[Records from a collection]
◆ ◆ ◆ ◆ ◆

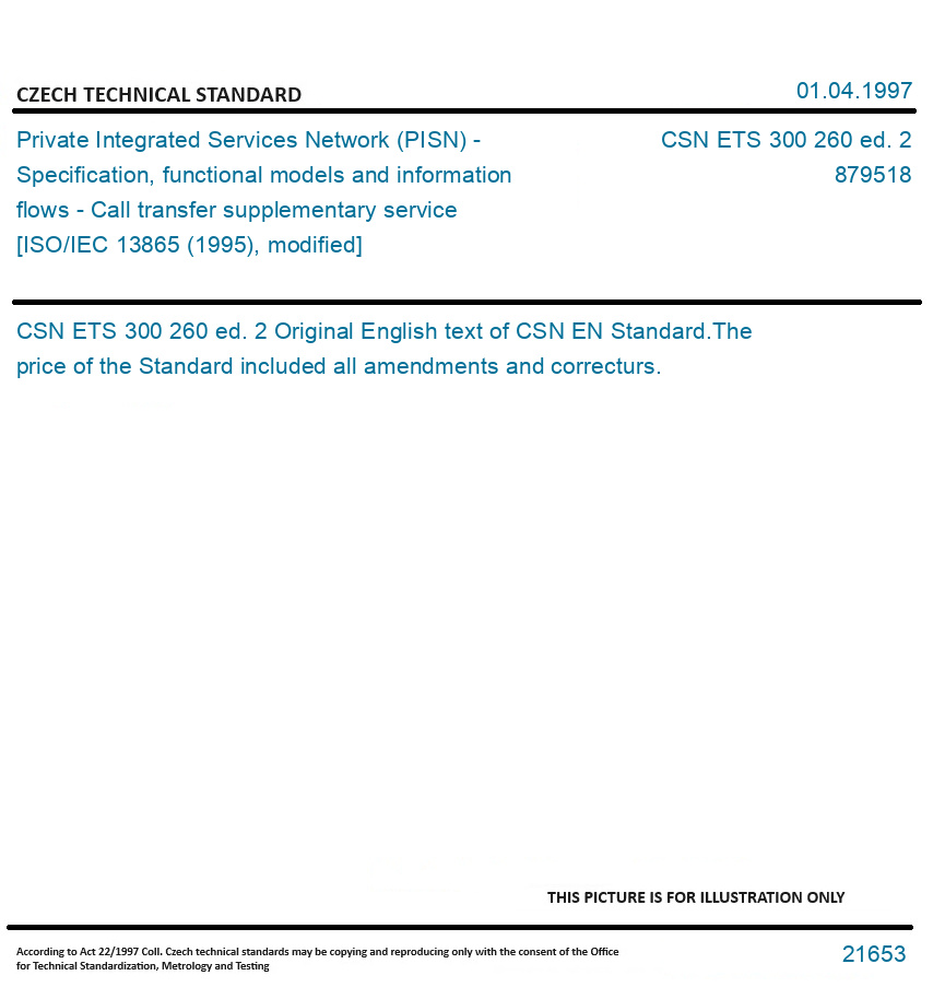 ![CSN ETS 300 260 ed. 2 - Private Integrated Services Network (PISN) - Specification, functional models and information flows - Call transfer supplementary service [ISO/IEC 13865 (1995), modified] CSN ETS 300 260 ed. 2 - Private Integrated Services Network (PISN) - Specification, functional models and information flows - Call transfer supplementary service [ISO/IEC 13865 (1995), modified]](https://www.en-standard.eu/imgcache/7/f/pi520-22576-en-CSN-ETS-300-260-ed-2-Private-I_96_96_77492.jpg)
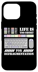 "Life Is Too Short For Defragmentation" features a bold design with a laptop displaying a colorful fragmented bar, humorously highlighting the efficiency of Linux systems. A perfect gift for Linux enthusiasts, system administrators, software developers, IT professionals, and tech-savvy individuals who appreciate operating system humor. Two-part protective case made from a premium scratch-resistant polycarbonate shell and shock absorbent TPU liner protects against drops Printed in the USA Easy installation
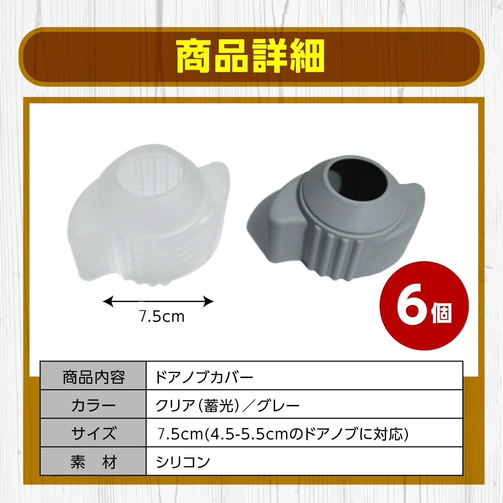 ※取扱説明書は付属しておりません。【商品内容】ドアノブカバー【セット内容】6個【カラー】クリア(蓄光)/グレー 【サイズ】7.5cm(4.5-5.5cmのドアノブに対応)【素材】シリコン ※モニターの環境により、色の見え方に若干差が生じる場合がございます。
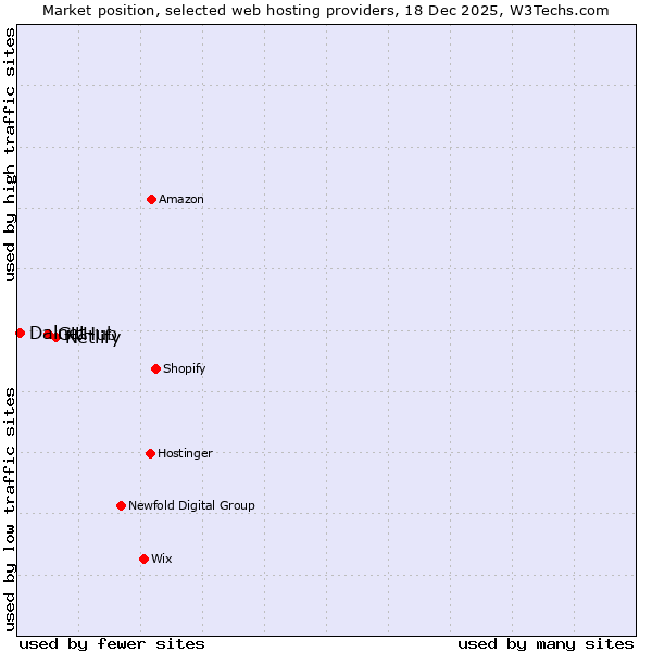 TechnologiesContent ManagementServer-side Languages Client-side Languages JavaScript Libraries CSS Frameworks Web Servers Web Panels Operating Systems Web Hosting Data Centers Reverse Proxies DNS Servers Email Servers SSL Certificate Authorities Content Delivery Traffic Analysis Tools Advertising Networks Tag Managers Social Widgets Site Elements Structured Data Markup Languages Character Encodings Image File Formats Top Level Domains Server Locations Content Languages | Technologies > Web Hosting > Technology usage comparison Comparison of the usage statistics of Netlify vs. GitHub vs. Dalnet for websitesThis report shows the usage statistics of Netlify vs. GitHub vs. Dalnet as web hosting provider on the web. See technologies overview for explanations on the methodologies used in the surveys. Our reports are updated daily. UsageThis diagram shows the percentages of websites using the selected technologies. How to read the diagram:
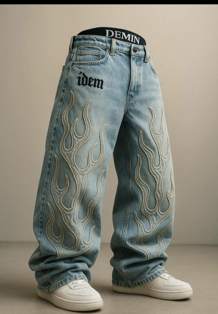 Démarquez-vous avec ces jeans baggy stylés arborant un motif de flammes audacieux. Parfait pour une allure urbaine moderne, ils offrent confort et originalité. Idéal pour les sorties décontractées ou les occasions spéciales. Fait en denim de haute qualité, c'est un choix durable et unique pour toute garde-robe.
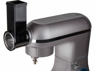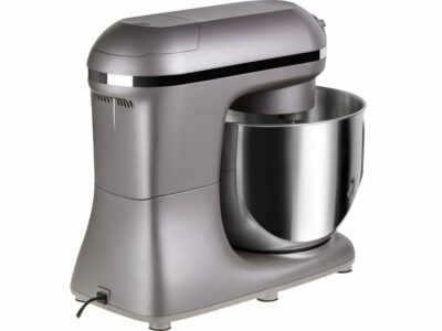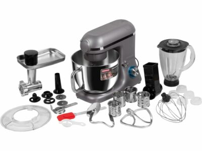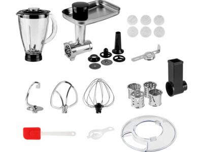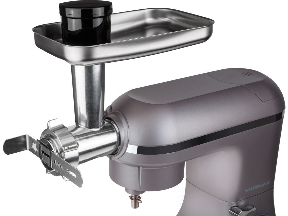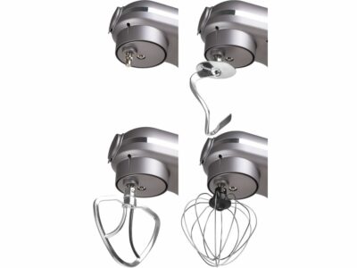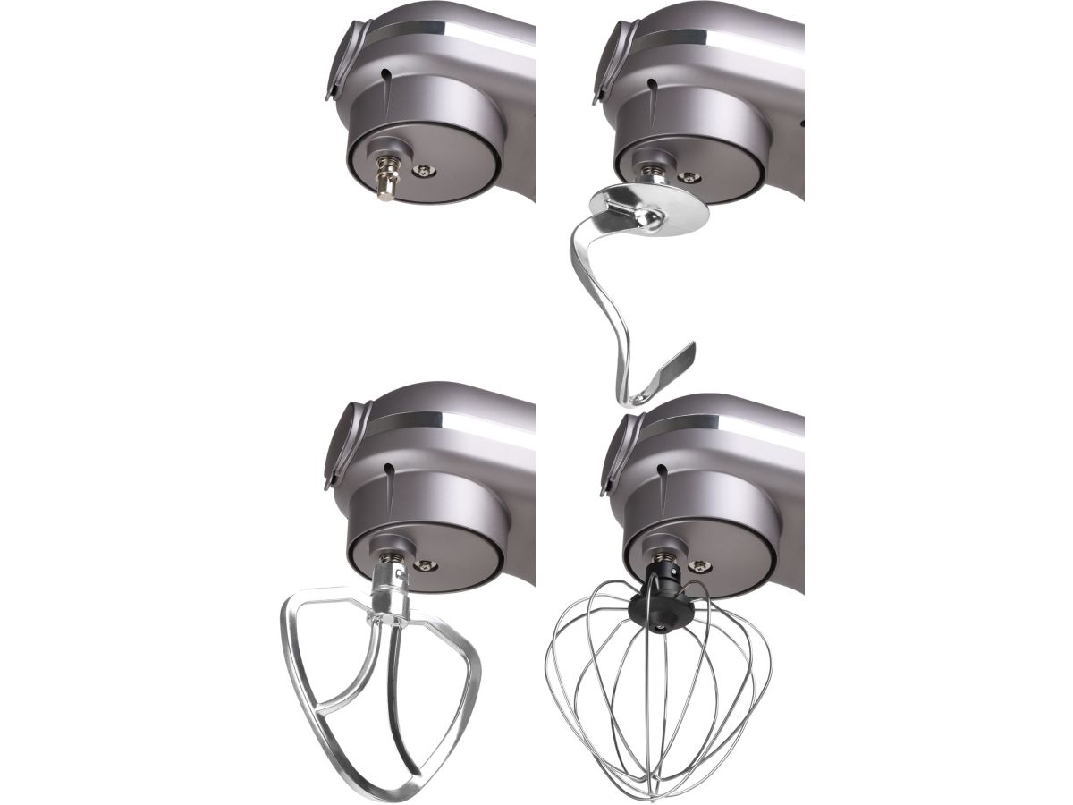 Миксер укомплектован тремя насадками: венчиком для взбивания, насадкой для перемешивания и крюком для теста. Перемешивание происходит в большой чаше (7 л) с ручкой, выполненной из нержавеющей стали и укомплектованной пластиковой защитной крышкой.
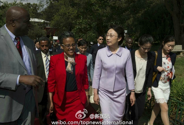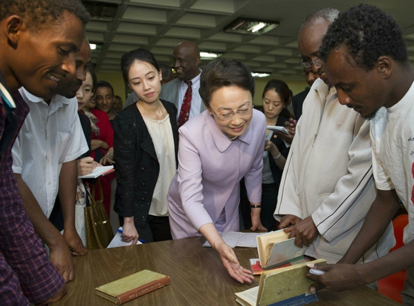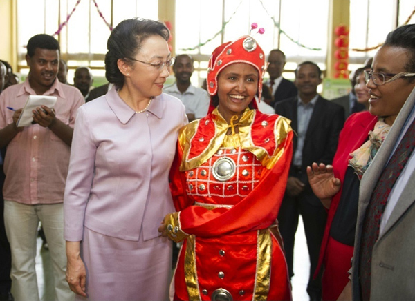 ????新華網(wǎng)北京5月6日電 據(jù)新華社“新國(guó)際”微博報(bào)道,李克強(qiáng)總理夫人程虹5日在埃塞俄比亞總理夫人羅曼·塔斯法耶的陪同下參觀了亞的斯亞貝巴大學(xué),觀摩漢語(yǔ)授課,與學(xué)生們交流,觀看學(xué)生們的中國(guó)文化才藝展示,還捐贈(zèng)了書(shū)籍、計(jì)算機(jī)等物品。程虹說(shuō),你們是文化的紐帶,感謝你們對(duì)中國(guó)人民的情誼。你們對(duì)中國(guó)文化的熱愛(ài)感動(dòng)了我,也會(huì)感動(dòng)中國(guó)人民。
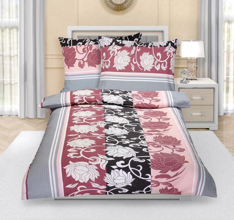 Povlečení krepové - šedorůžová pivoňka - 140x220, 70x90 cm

◆ ◆ ◆ ◆ ◆

• WHAT IS REQUIRED:
Should a record include a picture, drop the picture and write out the remainder exactly.

• EXERCISE RESPONSE:
 ![CSN ETS 300 260 ed. 2 - Private Integrated Services Network (PISN) - Specification, functional models and information flows - Call transfer supplementary service [ISO/IEC 13865 (1995), modified] CSN ETS 300 260 ed. 2 - Private Integrated Services Network (PISN) - Specification, functional models and information flows - Call transfer supplementary service [ISO/IEC 13865 (1995), modified]](https://www.en-standard.eu/imgcache/7/f/pi520-22576-en-CSN-ETS-300-260-ed-2-Private-I_96_96_77492.jpg)
 "Life Is Too Short For Defragmentation" features a bold design with a laptop displaying a colorful fragmented bar, humorously highlighting the efficiency of Linux systems. A perfect gift for Linux enthusiasts, system administrators, software developers, IT professionals, and tech-savvy individuals who appreciate operating system humor. Two-part protective case made from a premium scratch-resistant polycarbonate shell and shock absorbent TPU liner protects against drops Printed in the USA Easy installation
 ※取扱説明書は付属しておりません。【商品内容】ドアノブカバー【セット内容】6個【カラー】クリア(蓄光)/グレー 【サイズ】7.5cm(4.5-5.5cmのドアノブに対応)【素材】シリコン ※モニターの環境により、色の見え方に若干差が生じる場合がございます。
 TechnologiesContent ManagementServer-side Languages Client-side Languages JavaScript Libraries CSS Frameworks Web Servers Web Panels Operating Systems Web Hosting Data Centers Reverse Proxies DNS Servers Email Servers SSL Certificate Authorities Content Delivery Traffic Analysis Tools Advertising Networks Tag Managers Social Widgets Site Elements Structured Data Markup Languages Character Encodings Image File Formats Top Level Domains Server Locations Content Languages | Technologies > Web Hosting > Technology usage comparison Comparison of the usage statistics of Netlify vs. GitHub vs. Dalnet for websitesThis report shows the usage statistics of Netlify vs. GitHub vs. Dalnet as web hosting provider on the web. See technologies overview for explanations on the methodologies used in the surveys. Our reports are updated daily. UsageThis diagram shows the percentages of websites using the selected technologies. How to read the diagram:
 Démarquez-vous avec ces jeans baggy stylés arborant un motif de flammes audacieux. Parfait pour une allure urbaine moderne, ils offrent confort et originalité. Idéal pour les sorties décontractées ou les occasions spéciales. Fait en denim de haute qualité, c'est un choix durable et unique pour toute garde-robe.
 Миксер укомплектован тремя насадками: венчиком для взбивания, насадкой для перемешивания и крюком для теста. Перемешивание происходит в большой чаше (7 л) с ручкой, выполненной из нержавеющей стали и укомплектованной пластиковой защитной крышкой.
 ????新華網(wǎng)北京5月6日電 據(jù)新華社“新國(guó)際”微博報(bào)道,李克強(qiáng)總理夫人程虹5日在埃塞俄比亞總理夫人羅曼·塔斯法耶的陪同下參觀了亞的斯亞貝巴大學(xué),觀摩漢語(yǔ)授課,與學(xué)生們交流,觀看學(xué)生們的中國(guó)文化才藝展示,還捐贈(zèng)了書(shū)籍、計(jì)算機(jī)等物品。程虹說(shuō),你們是文化的紐帶,感謝你們對(duì)中國(guó)人民的情誼。你們對(duì)中國(guó)文化的熱愛(ài)感動(dòng)了我,也會(huì)感動(dòng)中國(guó)人民。
 Povlečení krepové - šedorůžová pivoňka - 140x220, 70x90 cm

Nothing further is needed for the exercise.